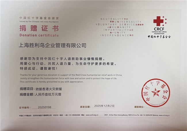 上海胜利鸟企业管理有限公司(简称:胜利鸟战略咨询)无私付出,通过北京红十字会向香港捐赠10万元,为受灾家庭和个人提供经济援助。
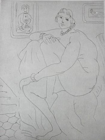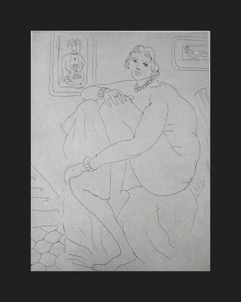 HENRI MATISSE "SEATED NUDE WITH PICTURES" - VINTAGE LITHOGRAPH AFTER THE 1929 ETCHING - PRINTED IN 1956 - PUBLISHED BY GEORGE BRAZILLER NEW YORK - PROFESSIONALLY FRAMED AND MATTED - GALLERY STYLE WITH BLACK ACID FREE MAT AND SOLID WOOD BLACK FRAME - SHEET 11"X 8" - IMAGE APPX 6" X 5"
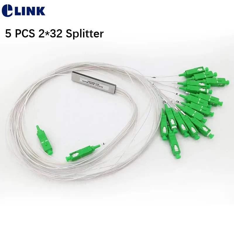 Comprar Mini carcasa divisora PLC de 2x16, cable blanco SC/1mtr APC, acoplador de fibra óptica de 2 A 16, tipo tubo de acero de 0,9mm, envío gratis, 5 piezas
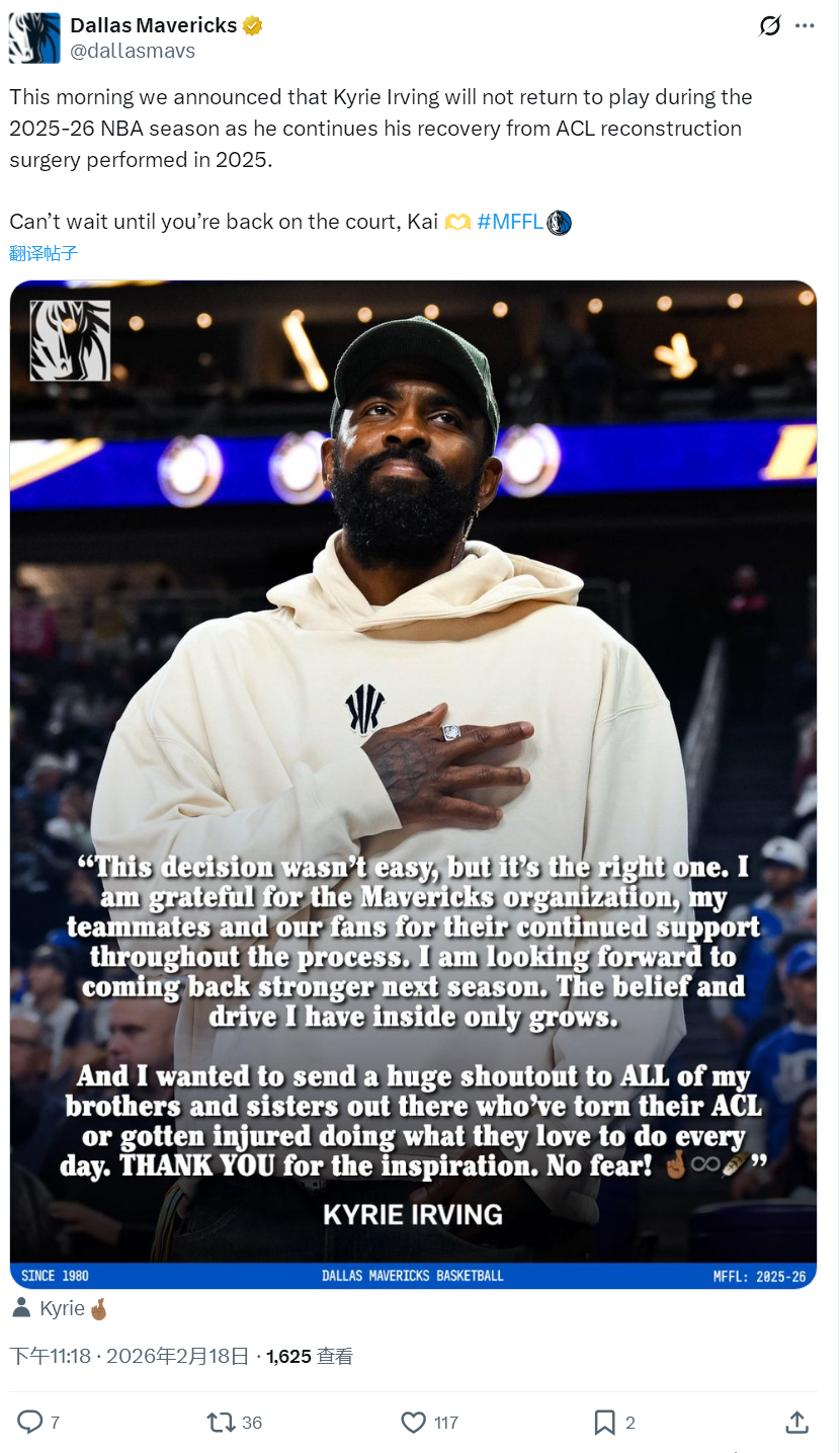 北京时间2月18日晚11点18分,独行侠官方宣布,凯里-欧文将因左膝伤势,本赛季正式报销。欧文接受ESPN采访时回应:“这个决定并不容易,但它是正确选择。感谢球队、队友和球迷,给予我的支持,我的信念和动力会越来越强!”
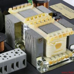 In der Tat können wir als notorische Nörgler in der gesamten Konstruktion nur eine einzige kleine Schwachstelle ausmachen: Auf der symmetrischen, überaus ansehnlichen Frequenzweiche, deren Van-den-Hul-Verkabelung unsichtbar in einer Extralage ausgeführt ist, entdecken wir zwischen all den feinen, großteils maßgefertigten Bauteilen ein Elko-Pärchen, dessen Langzeitstabilität allerhöchsten Ansprüchen wohl eher nicht genügen dürfte und daher diskutabel erscheint – insbesondere angesichts der ansonsten wirklich superben Qualität bis ins allerkleinste Detail.
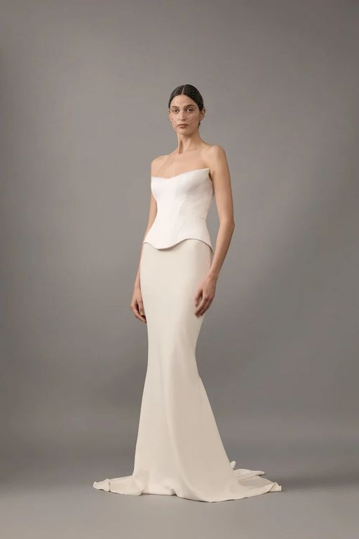 - Omuzları öne çıkaran bu straplez yaka gelinlik, özellikle açık ya da yarım toplu saç modelleri ile büyük bir uyum sağlıyor.
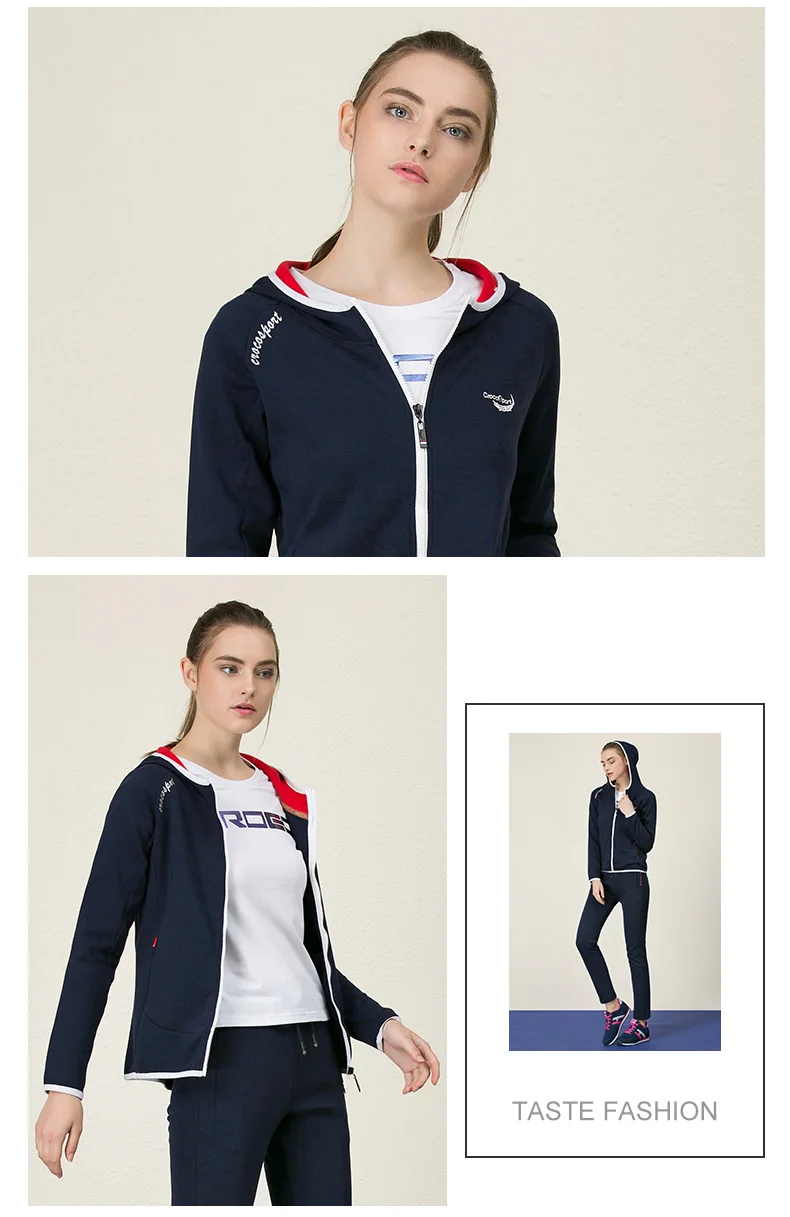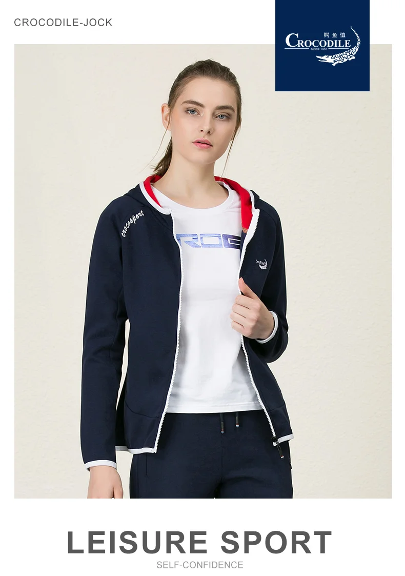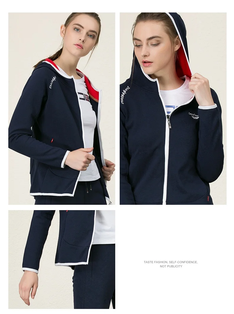 Crocosport Original New Women Hooded Sweater Jacket Femme Cotton Sport Apparel Trainning Exercise Sportswear for Women’s Top
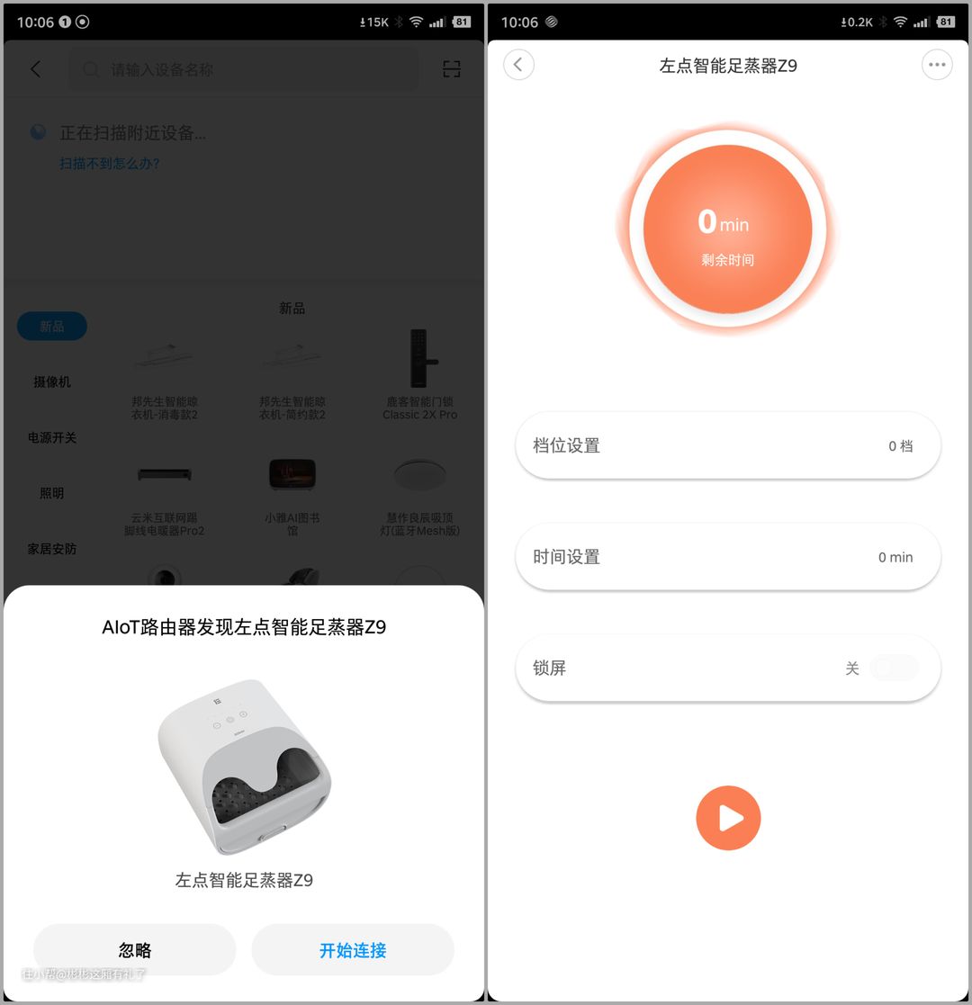 ▲原来Z9足蒸器还是智能的!蒸脚过程中,顺便把网络连接了,成功成为了米家的一员,以后可以直接用手机米家APP就可以操控Z9足蒸器。说说使用的感受。倒入清水和足蒸液之后,长按开机,足蒸器就启动了。开机后几秒貌似没听到什么声音,大概10秒左右貌似听到了水沸腾的声音,大片的蒸汽就从桶里边冒出来了,闻到了艾草的清香味。脚刚放进去的时候,因为足蒸器内部是仿鹅卵石面板,起到按摩脚底的作用,刚开始脚底感觉有点敏感,放一会儿之后就舒服得不要不要的。

+++

- **About this task**: Your task is an exact transcription of all the data, minus the pictures.

- **Solution to this exercise**:
 上海胜利鸟企业管理有限公司(简称:胜利鸟战略咨询)无私付出,通过北京红十字会向香港捐赠10万元,为受灾家庭和个人提供经济援助。
 HENRI MATISSE "SEATED NUDE WITH PICTURES" - VINTAGE LITHOGRAPH AFTER THE 1929 ETCHING - PRINTED IN 1956 - PUBLISHED BY GEORGE BRAZILLER NEW YORK - PROFESSIONALLY FRAMED AND MATTED - GALLERY STYLE WITH BLACK ACID FREE MAT AND SOLID WOOD BLACK FRAME - SHEET 11"X 8" - IMAGE APPX 6" X 5"
 Comprar Mini carcasa divisora PLC de 2x16, cable blanco SC/1mtr APC, acoplador de fibra óptica de 2 A 16, tipo tubo de acero de 0,9mm, envío gratis, 5 piezas
 北京时间2月18日晚11点18分,独行侠官方宣布,凯里-欧文将因左膝伤势,本赛季正式报销。欧文接受ESPN采访时回应:“这个决定并不容易,但它是正确选择。感谢球队、队友和球迷,给予我的支持,我的信念和动力会越来越强!”
 In der Tat können wir als notorische Nörgler in der gesamten Konstruktion nur eine einzige kleine Schwachstelle ausmachen: Auf der symmetrischen, überaus ansehnlichen Frequenzweiche, deren Van-den-Hul-Verkabelung unsichtbar in einer Extralage ausgeführt ist, entdecken wir zwischen all den feinen, großteils maßgefertigten Bauteilen ein Elko-Pärchen, dessen Langzeitstabilität allerhöchsten Ansprüchen wohl eher nicht genügen dürfte und daher diskutabel erscheint – insbesondere angesichts der ansonsten wirklich superben Qualität bis ins allerkleinste Detail.
 - Omuzları öne çıkaran bu straplez yaka gelinlik, özellikle açık ya da yarım toplu saç modelleri ile büyük bir uyum sağlıyor.
 Crocosport Original New Women Hooded Sweater Jacket Femme Cotton Sport Apparel Trainning Exercise Sportswear for Women’s Top
 ▲原来Z9足蒸器还是智能的!蒸脚过程中,顺便把网络连接了,成功成为了米家的一员,以后可以直接用手机米家APP就可以操控Z9足蒸器。说说使用的感受。倒入清水和足蒸液之后,长按开机,足蒸器就启动了。开机后几秒貌似没听到什么声音,大概10秒左右貌似听到了水沸腾的声音,大片的蒸汽就从桶里边冒出来了,闻到了艾草的清香味。脚刚放进去的时候,因为足蒸器内部是仿鹅卵石面板,起到按摩脚底的作用,刚开始脚底感觉有点敏感,放一会儿之后就舒服得不要不要的。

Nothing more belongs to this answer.